(Data records)
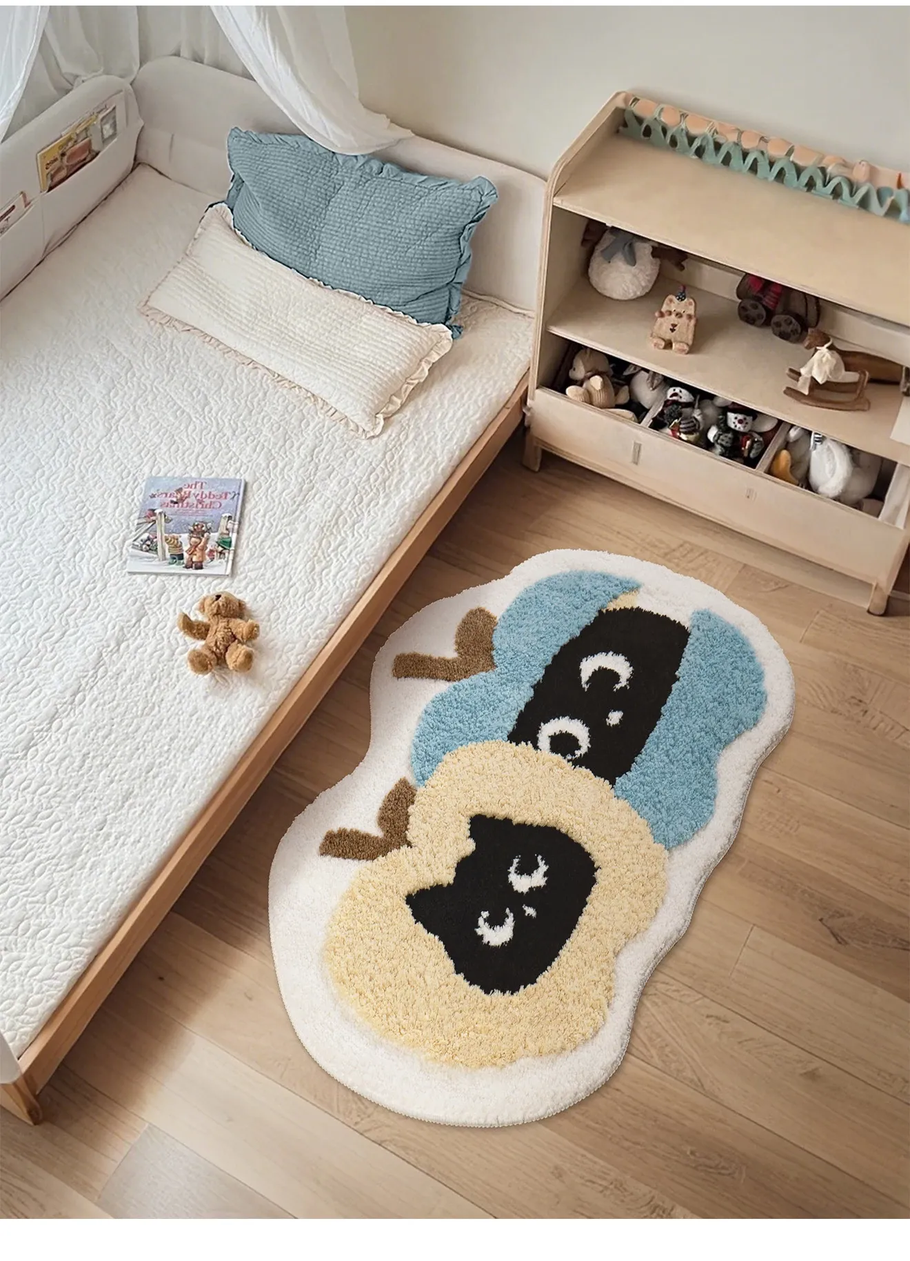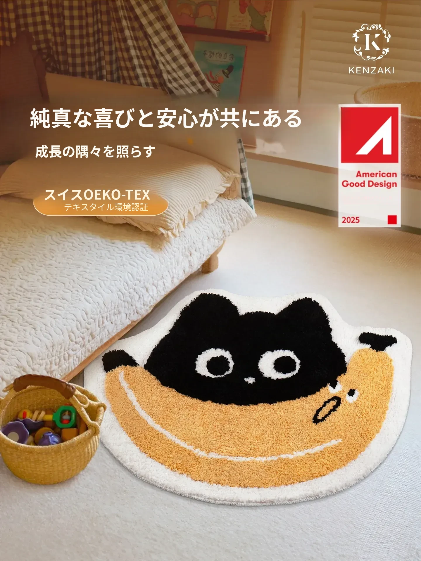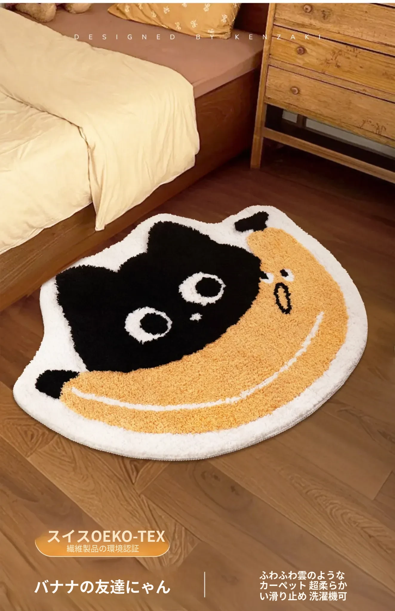 子供部屋にぴったり!おしゃれなインスタ風のベッドサイドカーペット。男の子も女の子も大好きな可愛いバナナや猫のデザイン。洗濯機で簡単に洗えるから、いつでも清潔!
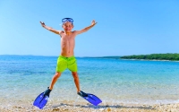 Strand: kavicsos, sziklás (kb. 100 m-re); napernyők és nyugágyak felár ellenében
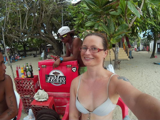 Ich werde zwar mehrfach eingeladen, mich dazu zusetzen, lehne aber immer ab. Denn etwas trinken will ich nicht. Aber einen anderen Platz im Schatten zum Liegen gibt es nicht. Selbst wenn, würde ich meine Sachen hier nicht allein lassen, bei den ganzen fliegenden Händlern und Beachboys (ihr wisst ja mittlerweile wie misstrauisch ich bin, oft grundlos).
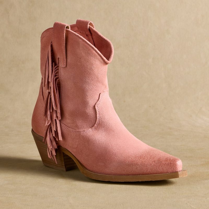 Go where the wind blows in these fringed. free-spirited short boots with side zip and pull-tabs for comfort and ease. Calf leather suede with rubber soles. Handcrafted in Italy. Exclusive. Euro whole sizes 36?C42. 36 (US 6). 37 (US 7). 38 (US 8). 39 (US 8.5). 40 (US 9). 41 (US 10). 42 (US 11). Approx. 2 heel.
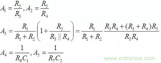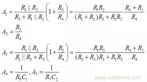 列寫(xiě)系統(tǒng)各個(gè)通路的傳遞函數(shù)也與正向輸入型KHN濾波器完全相同,這里重復(fù)如下:
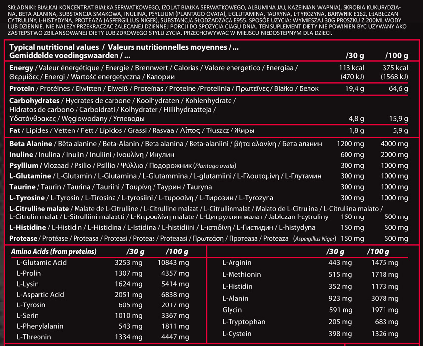 Ингридиенты: белки (концентрат сывороточного протеина, изолят сывороточного протеина, яичный альбумин, казеинат кальция), кукурузный крахмал, бета-аланин, Avour, (Plantago Ovata), L-глютамин, таурин, L-тирозин, E162, L-цитруллин малат, L-гистидин, протеазы, подсластитель E955
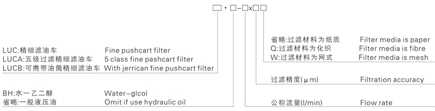 (1)*为过滤精度。若使用介质为水一乙二醇时,公称流量63L/min,过滤精度5μm,过滤材质为纸质时,滤油车的型号为LUC·BH-63x5或 LUCA·BH-63X5,精滤器滤芯的型号为CZX·BH-63X5或 CZXA·BH-63X5。
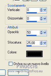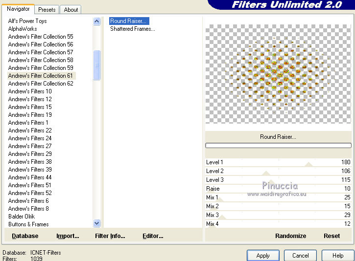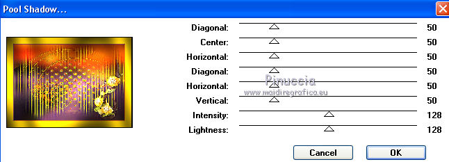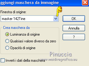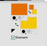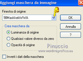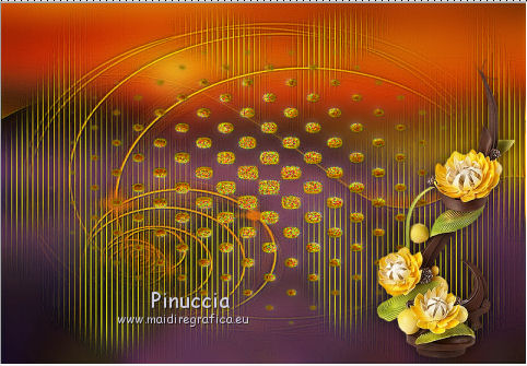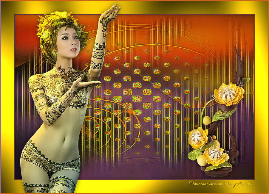 qui puoi trovare qualche risposta ai tuoi dubbi. Se l'argomento che ti interessa non è presente, ti prego di segnalarmelo. Questo tutorial è stato creato con PSP 9, ma può essere realizzato anche con le altre versioni di PSP. Dalla versione X4, il comando Immagine>Rifletti è stato sostituito con Immagine>Capovolgi in orizzontale, e il comando Immagine>Capovolgi con Immagine>Capovolgi in verticale. Nelle versioni X5 e X6, le funzioni sono state migliorate rendendo disponibile il menu Oggetti. Con la nuova versione X7 sono tornati i comandi Rifletti e Capovolgi, ma con nuove differenze. Vedi la scheda sull'argomento qui Per tradurre questo tutorial ho usato PSP X. Occorrente: Materiale qui Il tube della donna è di Min@ e il tube del fore è di Isa. Le maschere sono di Tine e di WWA. Filtri: se hai problemi con i filtri, consulta la mia sezione filtri qui Filters Unlimited 2.0 qui Tramages - Pool Shadow qui Andrew's Filter Collection 61 - Round Raiser qui I filtri Andrews e Tramages si possono usare da soli o importati in Filters Unlimited (come fare vedi qui) Se un filtro fornito appare con questa icona ![]() Se stai usando altri colori, non esitare a sperimentare le modalità di miscelatura e le opacità dei livelli più adatte. Apri le maschere in PSP e minimizzale con il resto del materiale. 1. Imposta il colore di primo piano con il colore arancio #e26d05, e il colore di sfondo con il colore giallo #f3c709. ![]() Apri "achtergrond". Questa immagine sarà la base del tuo lavoro. 2. Regola>Sfocatura>Sfocatura gaussiana - raggio 20. ![]() 3. Livelli>Nuovo livello raster. Riempi con il colore arancio di primo piano #e26d05.4. Livelli>Nuovo livello maschera>Da immagine. Apri il menu sotto la finestra di origine e vedrai la lista dei files aperti. Seleziona la maschera masker 142Tine, con i seguenti settaggi. ![]() Livelli>Unisci>Unisci gruppo. 5. Effetti>Effetti di bordo>Aumenta di più. Effetti>Effetti 3D>Sfalsa ombra. ![]() 6. Livelli>Nuovo livello raster. Riempi con il colore giallo di sfondo #f3c709.7. Livelli>Nuovo livello maschera>Da immagine. Apri il menu sotto la finestra di origine e seleziona la maschera 98MaskkelsWWA, con i seguenti settaggi. ![]() Livelli>Unisci>Unisci gruppo. Effetti>Effetti di bordo>Aumenta. Effetti>Effetti 3D>Sfalsa ombra, con i settaggi precedenti. 8. Effetti>Plugins>Filters Unlimited 2.0 - Andrews filter Collection 61 - Round Raiser ![]() 9. Apri il tube dei fiori, e vai a Modifica>Copia. Torna al tuo lavoro e vai a Modifica>Incolla come nuovo livello. Spostalo a destra.![]() Regola>Messa a fuoco>Metti a fuoco. Effetti>Effetti 3D>Sfalsa ombra, con i settaggi precedenti. 10. Livelli>Unisci>Unisci tutto. 11. Immagine>Aggiungi bordatura, 1 pixel, simmetriche, con il colore viola #653c66 ![]() Immagine>Aggiungi bordatura, 1 pixel, simmetriche, con il colore arancio di primo piano #e26d05. Immagine>Aggiungi bordatura, 1 pixel, simmetriche, con il colore viola #653c66. Immagine>Aggiungi bordatura, 45 pixels, simmetriche, colore giallo di sfondo #f3c709. 12. Attiva lo strumento Bacchetta magica ![]() e clicca nel bordo giallo per selezionarlo. Effetti>Plugins>Tramages - Pool Shadow. ![]() Effetti>Effetti di bordo>Aumenta. Effetti>Effetti 3D>Sfalsa ombra. Selezione>Deseleziona. 13. Apri il tube della donna, e vai a Modifica>Copia. Torna al tuo lavoro e vai a Modifica>Incolla come nuovo livello. Spostalo a sinistra.Regola>Messa a fuoco>Metti a fuoco. Effetti>Effetti 3D>Sfalsa ombra, con i settaggi precedenti. 14. Immagine>Aggiungi bordatura, 1 pixel, simmetriche, con il colore viola #653c66. Immagine>Aggiungi bordatura, 1 pixel, simmetriche, con il colore arancio di primo piano #e26d05. Immagine>Aggiungi bordatura, 1 pixel, simmetriche, con il colore viola #653c66. 15. Firma il tuo lavoro e salva in formato jpg. ![]() Le vostre versioni. Grazie ![]() Nanette ![]() Puoi scrivermi per qualsiasi motivo - problemi, dubbi, un link non funzionante - o anche soltanto per un saluto 5 Ottobre 2015 |
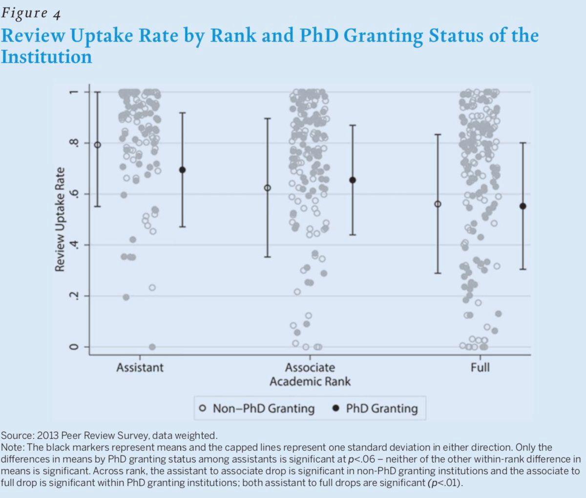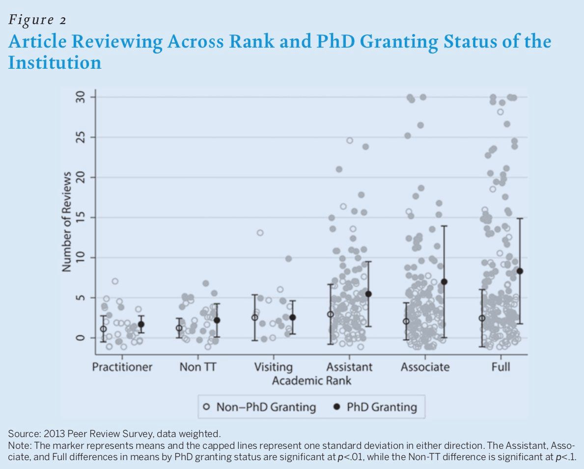 Distributional stats on number of referee reports written and acceptance rates (in political science)!
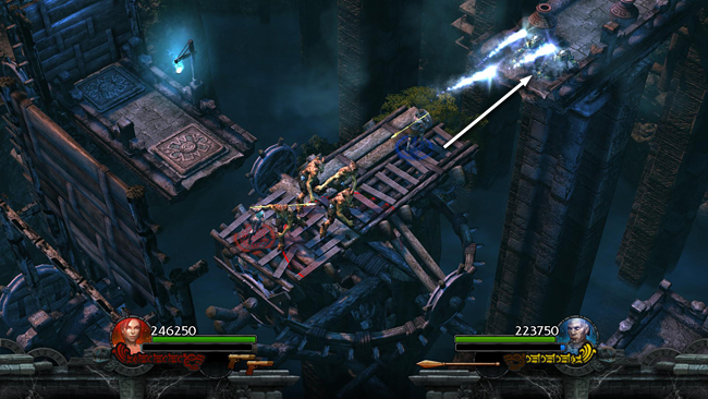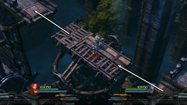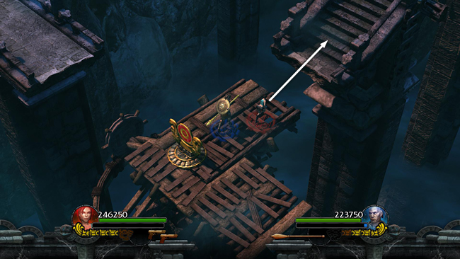 The exit from this room is on the NW wall. To open it, begin by having one character stand on the pressure pad on the right to raise the first of 2 wooden ledges to the NE. The other character should then jump onto this ledge and move to the top corner. As the first character moves onto the left pad, the other character needs to jump quickly onto the second ledge as it rises and the first collapses. He or she can then pull the handle to open the exit. As soon as you release the handle, it begins to retract. You must now move quickly to reach the door before it closes. The first character should move back onto the pad on the right. The second character must then jump back onto the first ledge as it rises and the other ledge collapses. Now jump back down to the floor and run through the exit before it closes. If you don't make it in time, you'll have to pull the handle and try again. (screenshots)
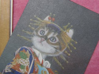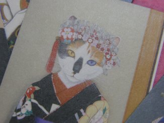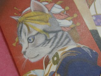 「みゆき」さんのネコさん 2009年11月に東京谷中、ギャラリー猫町で開催された「粋猫〜風呂敷・ぽち袋〜展」 から連れ帰ったねこさんのポチ袋。「工房レトロ」の和福猫ブランド。 日本伝統の歌舞伎や武将、お姫様などの美しいねこさんたち。
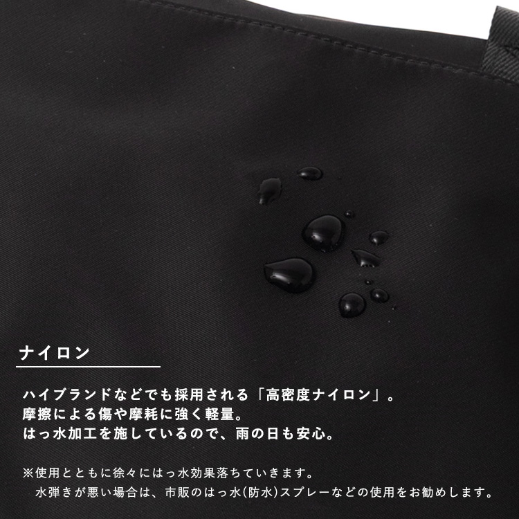 高密度ナイロン素材を使用し、見た目以上に軽やかな持ち心地を実現。
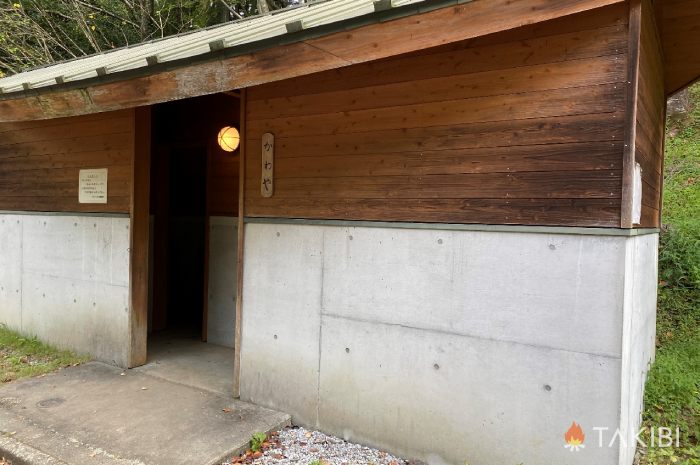 シャワー室は管理棟の横にあり、どこのサイトからも近い位置。さらに24時間利用できるのは嬉しいポイントでした!
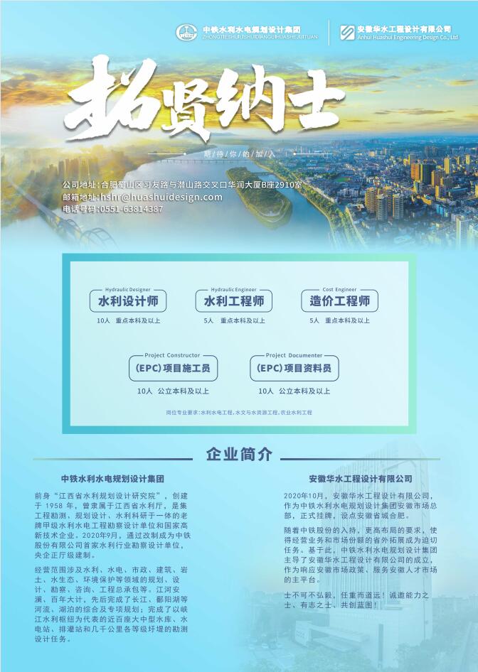 202010月,安徽华水工程设计有限公司,作为中铁水利水电规划设计集团安徽市场总部,正式挂牌,设点安徽省城合肥。

Task details:
Could you repeat, exactly and with nothing else, the lines from the first line of the records through the line containing "Ингридиенты: белки (концентрат"? Leave out the pictures.

Response below:
 子供部屋にぴったり!おしゃれなインスタ風のベッドサイドカーペット。男の子も女の子も大好きな可愛いバナナや猫のデザイン。洗濯機で簡単に洗えるから、いつでも清潔!
 Strand: kavicsos, sziklás (kb. 100 m-re); napernyők és nyugágyak felár ellenében
 Ich werde zwar mehrfach eingeladen, mich dazu zusetzen, lehne aber immer ab. Denn etwas trinken will ich nicht. Aber einen anderen Platz im Schatten zum Liegen gibt es nicht. Selbst wenn, würde ich meine Sachen hier nicht allein lassen, bei den ganzen fliegenden Händlern und Beachboys (ihr wisst ja mittlerweile wie misstrauisch ich bin, oft grundlos).
 Go where the wind blows in these fringed. free-spirited short boots with side zip and pull-tabs for comfort and ease. Calf leather suede with rubber soles. Handcrafted in Italy. Exclusive. Euro whole sizes 36?C42. 36 (US 6). 37 (US 7). 38 (US 8). 39 (US 8.5). 40 (US 9). 41 (US 10). 42 (US 11). Approx. 2 heel.
 列寫(xiě)系統(tǒng)各個(gè)通路的傳遞函數(shù)也與正向輸入型KHN濾波器完全相同,這里重復(fù)如下:
 Ингридиенты: белки (концентрат сывороточного протеина, изолят сывороточного протеина, яичный альбумин, казеинат кальция), кукурузный крахмал, бета-аланин, Avour, (Plantago Ovata), L-глютамин, таурин, L-тирозин, E162, L-цитруллин малат, L-гистидин, протеазы, подсластитель E955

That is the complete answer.